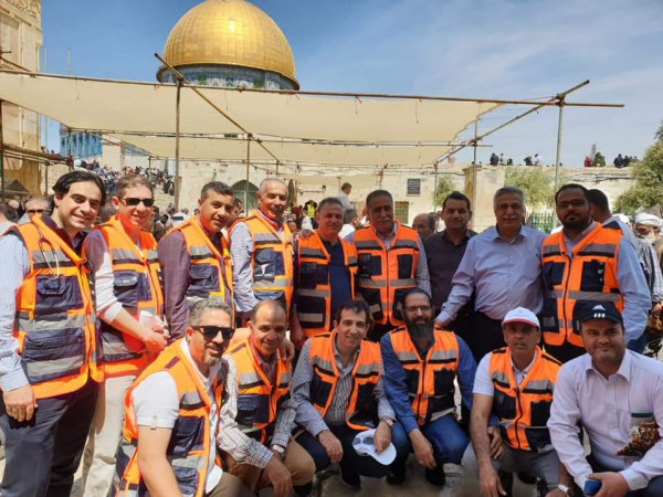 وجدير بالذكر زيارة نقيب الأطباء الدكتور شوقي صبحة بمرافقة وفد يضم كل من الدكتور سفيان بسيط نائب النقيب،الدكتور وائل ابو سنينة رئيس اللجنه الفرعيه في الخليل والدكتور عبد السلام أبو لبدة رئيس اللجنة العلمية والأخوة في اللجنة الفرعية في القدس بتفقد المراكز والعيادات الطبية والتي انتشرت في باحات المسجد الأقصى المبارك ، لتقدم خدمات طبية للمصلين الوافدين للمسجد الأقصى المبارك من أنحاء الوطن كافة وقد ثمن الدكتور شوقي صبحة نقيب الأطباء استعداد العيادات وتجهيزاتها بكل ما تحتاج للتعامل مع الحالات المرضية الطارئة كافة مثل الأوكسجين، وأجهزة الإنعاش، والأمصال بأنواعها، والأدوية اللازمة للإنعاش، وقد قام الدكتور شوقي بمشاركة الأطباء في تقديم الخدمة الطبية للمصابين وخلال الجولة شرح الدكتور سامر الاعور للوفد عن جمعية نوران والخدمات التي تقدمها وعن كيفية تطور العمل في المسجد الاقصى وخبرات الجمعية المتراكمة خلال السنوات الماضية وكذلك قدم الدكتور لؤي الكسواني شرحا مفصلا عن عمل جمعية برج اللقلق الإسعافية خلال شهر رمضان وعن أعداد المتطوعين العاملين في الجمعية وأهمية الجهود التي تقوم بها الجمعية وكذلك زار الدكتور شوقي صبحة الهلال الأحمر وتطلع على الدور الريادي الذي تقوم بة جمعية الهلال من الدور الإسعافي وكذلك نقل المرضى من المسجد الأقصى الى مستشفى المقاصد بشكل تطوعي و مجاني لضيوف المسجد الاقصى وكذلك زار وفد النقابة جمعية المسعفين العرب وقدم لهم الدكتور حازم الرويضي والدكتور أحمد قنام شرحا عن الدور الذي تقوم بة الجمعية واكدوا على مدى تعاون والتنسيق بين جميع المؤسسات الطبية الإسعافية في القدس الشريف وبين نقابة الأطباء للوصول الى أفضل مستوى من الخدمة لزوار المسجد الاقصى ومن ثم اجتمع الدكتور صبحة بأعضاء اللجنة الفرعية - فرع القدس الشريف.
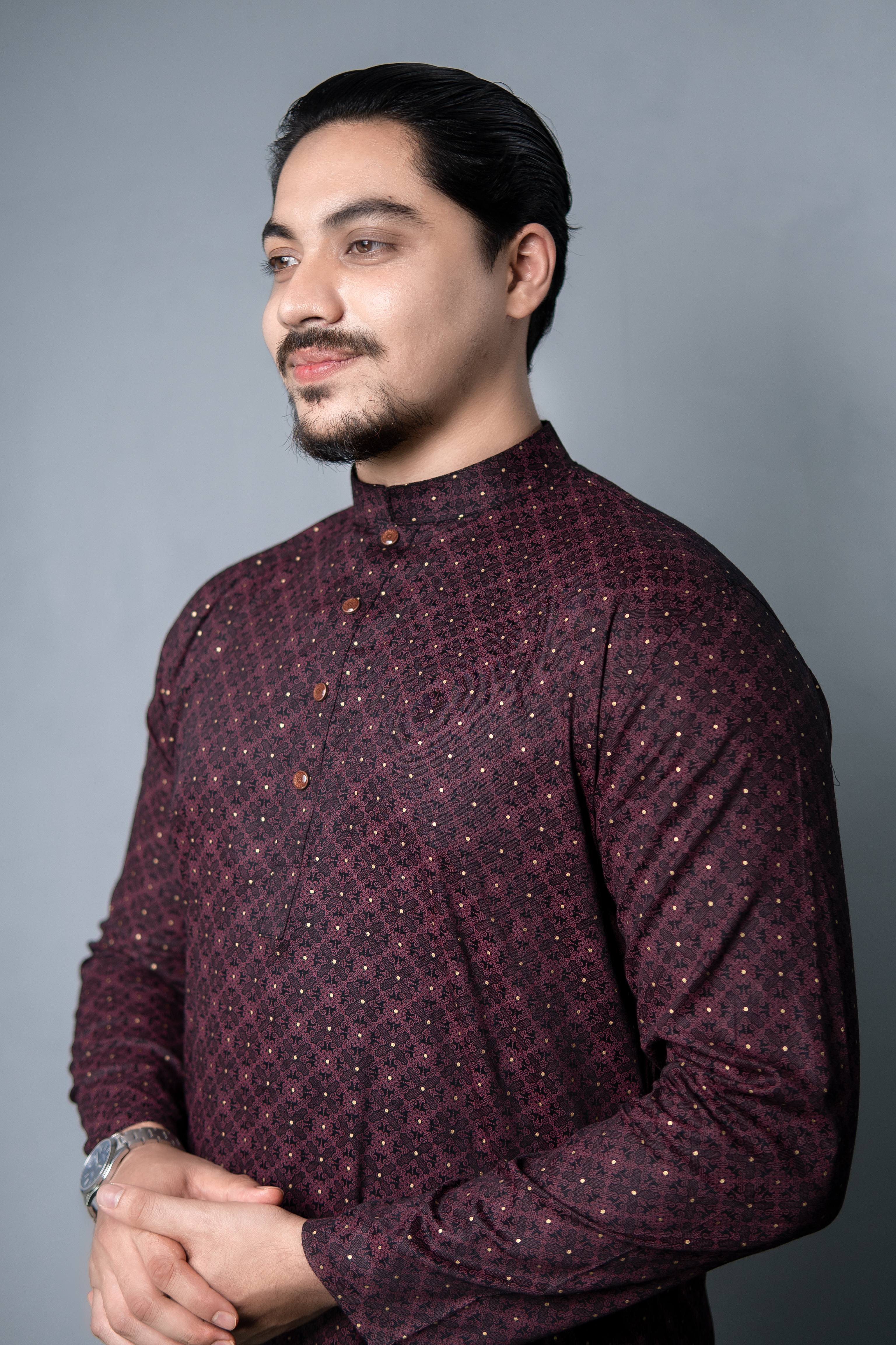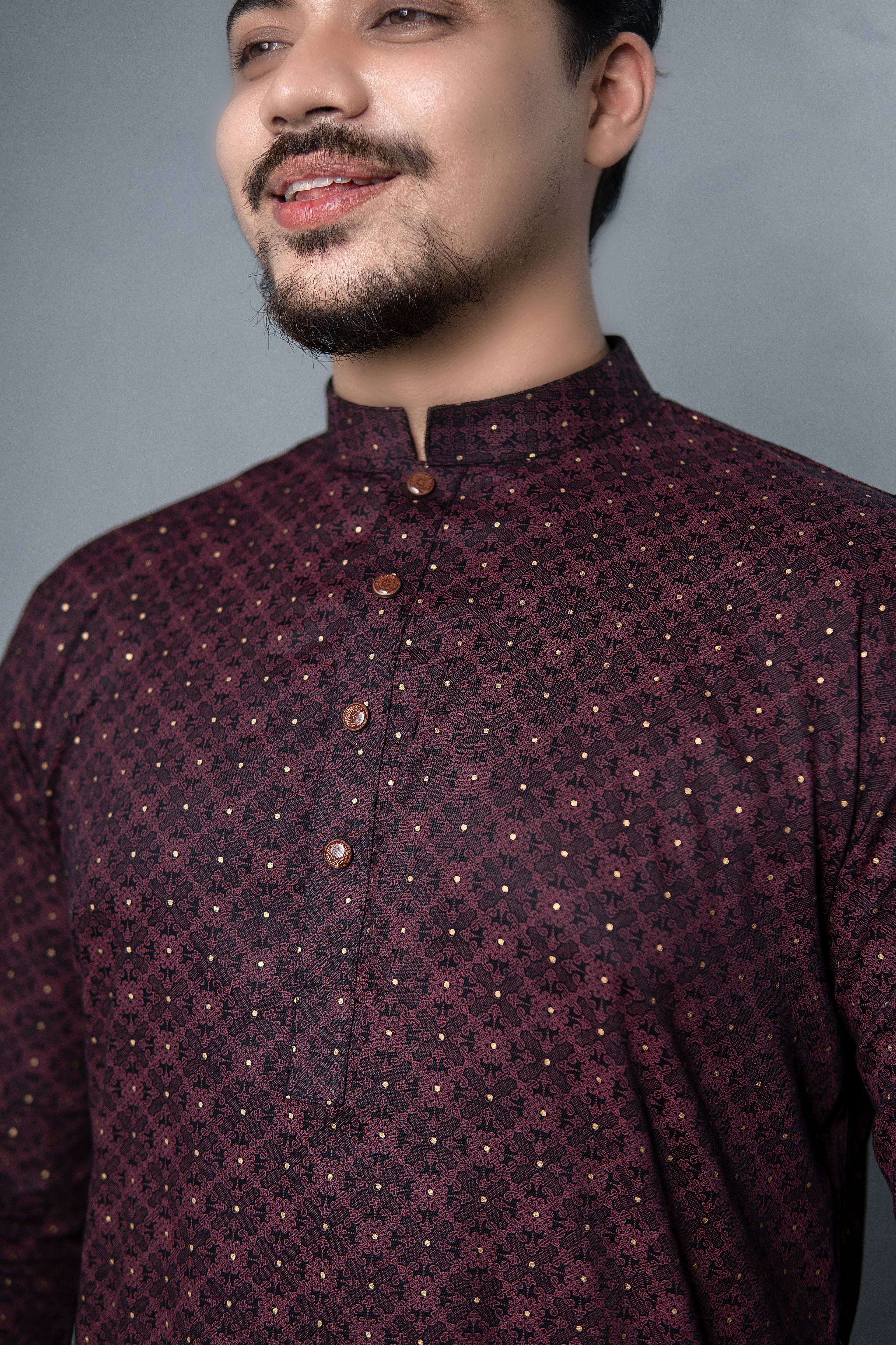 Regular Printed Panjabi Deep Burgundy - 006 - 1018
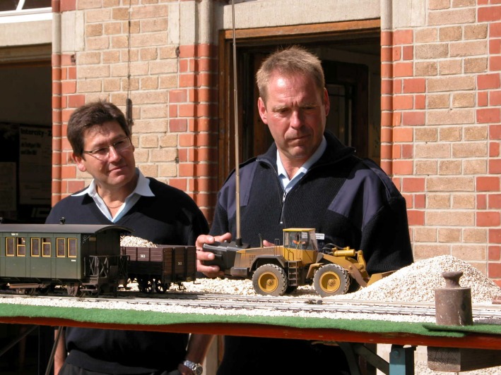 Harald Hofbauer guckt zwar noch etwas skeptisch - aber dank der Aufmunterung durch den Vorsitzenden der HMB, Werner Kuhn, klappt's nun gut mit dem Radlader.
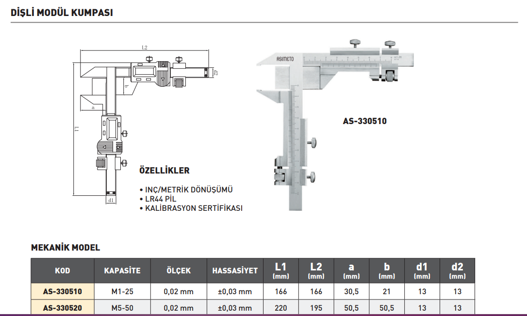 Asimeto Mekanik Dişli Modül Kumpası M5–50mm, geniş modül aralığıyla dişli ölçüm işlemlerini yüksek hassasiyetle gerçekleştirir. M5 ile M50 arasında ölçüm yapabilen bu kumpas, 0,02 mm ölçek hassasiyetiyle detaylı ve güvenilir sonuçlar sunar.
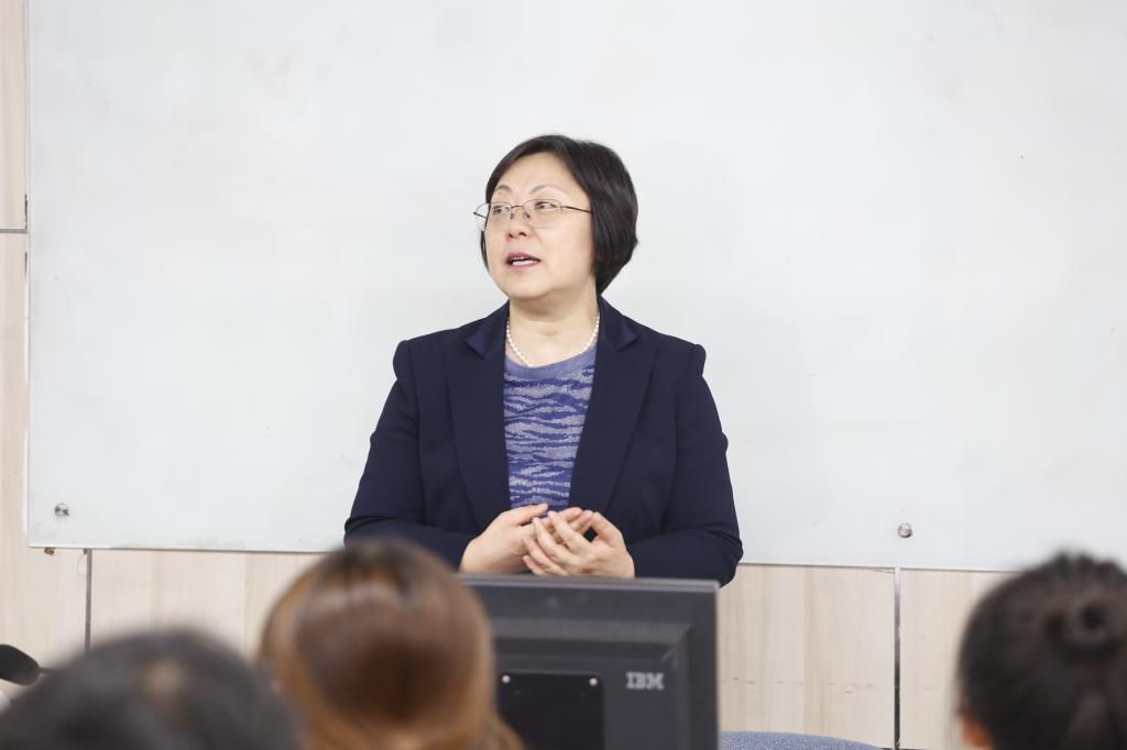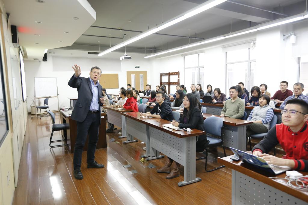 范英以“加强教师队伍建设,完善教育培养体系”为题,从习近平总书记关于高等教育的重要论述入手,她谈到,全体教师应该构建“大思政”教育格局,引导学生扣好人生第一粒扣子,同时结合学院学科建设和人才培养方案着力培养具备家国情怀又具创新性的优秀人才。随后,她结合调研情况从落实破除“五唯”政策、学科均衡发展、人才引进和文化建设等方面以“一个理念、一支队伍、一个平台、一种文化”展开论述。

○ ○ ○

PROBLEM TO WORK ON | Give back the listing word for word, minus its images.

RESPONSE AREA |
 وجدير بالذكر زيارة نقيب الأطباء الدكتور شوقي صبحة بمرافقة وفد يضم كل من الدكتور سفيان بسيط نائب النقيب،الدكتور وائل ابو سنينة رئيس اللجنه الفرعيه في الخليل والدكتور عبد السلام أبو لبدة رئيس اللجنة العلمية والأخوة في اللجنة الفرعية في القدس بتفقد المراكز والعيادات الطبية والتي انتشرت في باحات المسجد الأقصى المبارك ، لتقدم خدمات طبية للمصلين الوافدين للمسجد الأقصى المبارك من أنحاء الوطن كافة وقد ثمن الدكتور شوقي صبحة نقيب الأطباء استعداد العيادات وتجهيزاتها بكل ما تحتاج للتعامل مع الحالات المرضية الطارئة كافة مثل الأوكسجين، وأجهزة الإنعاش، والأمصال بأنواعها، والأدوية اللازمة للإنعاش، وقد قام الدكتور شوقي بمشاركة الأطباء في تقديم الخدمة الطبية للمصابين وخلال الجولة شرح الدكتور سامر الاعور للوفد عن جمعية نوران والخدمات التي تقدمها وعن كيفية تطور العمل في المسجد الاقصى وخبرات الجمعية المتراكمة خلال السنوات الماضية وكذلك قدم الدكتور لؤي الكسواني شرحا مفصلا عن عمل جمعية برج اللقلق الإسعافية خلال شهر رمضان وعن أعداد المتطوعين العاملين في الجمعية وأهمية الجهود التي تقوم بها الجمعية وكذلك زار الدكتور شوقي صبحة الهلال الأحمر وتطلع على الدور الريادي الذي تقوم بة جمعية الهلال من الدور الإسعافي وكذلك نقل المرضى من المسجد الأقصى الى مستشفى المقاصد بشكل تطوعي و مجاني لضيوف المسجد الاقصى وكذلك زار وفد النقابة جمعية المسعفين العرب وقدم لهم الدكتور حازم الرويضي والدكتور أحمد قنام شرحا عن الدور الذي تقوم بة الجمعية واكدوا على مدى تعاون والتنسيق بين جميع المؤسسات الطبية الإسعافية في القدس الشريف وبين نقابة الأطباء للوصول الى أفضل مستوى من الخدمة لزوار المسجد الاقصى ومن ثم اجتمع الدكتور صبحة بأعضاء اللجنة الفرعية - فرع القدس الشريف.
 Regular Printed Panjabi Deep Burgundy - 006 - 1018
 Harald Hofbauer guckt zwar noch etwas skeptisch - aber dank der Aufmunterung durch den Vorsitzenden der HMB, Werner Kuhn, klappt's nun gut mit dem Radlader.
 Asimeto Mekanik Dişli Modül Kumpası M5–50mm, geniş modül aralığıyla dişli ölçüm işlemlerini yüksek hassasiyetle gerçekleştirir. M5 ile M50 arasında ölçüm yapabilen bu kumpas, 0,02 mm ölçek hassasiyetiyle detaylı ve güvenilir sonuçlar sunar.
 范英以“加强教师队伍建设,完善教育培养体系”为题,从习近平总书记关于高等教育的重要论述入手,她谈到,全体教师应该构建“大思政”教育格局,引导学生扣好人生第一粒扣子,同时结合学院学科建设和人才培养方案着力培养具备家国情怀又具创新性的优秀人才。随后,她结合调研情况从落实破除“五唯”政策、学科均衡发展、人才引进和文化建设等方面以“一个理念、一支队伍、一个平台、一种文化”展开论述。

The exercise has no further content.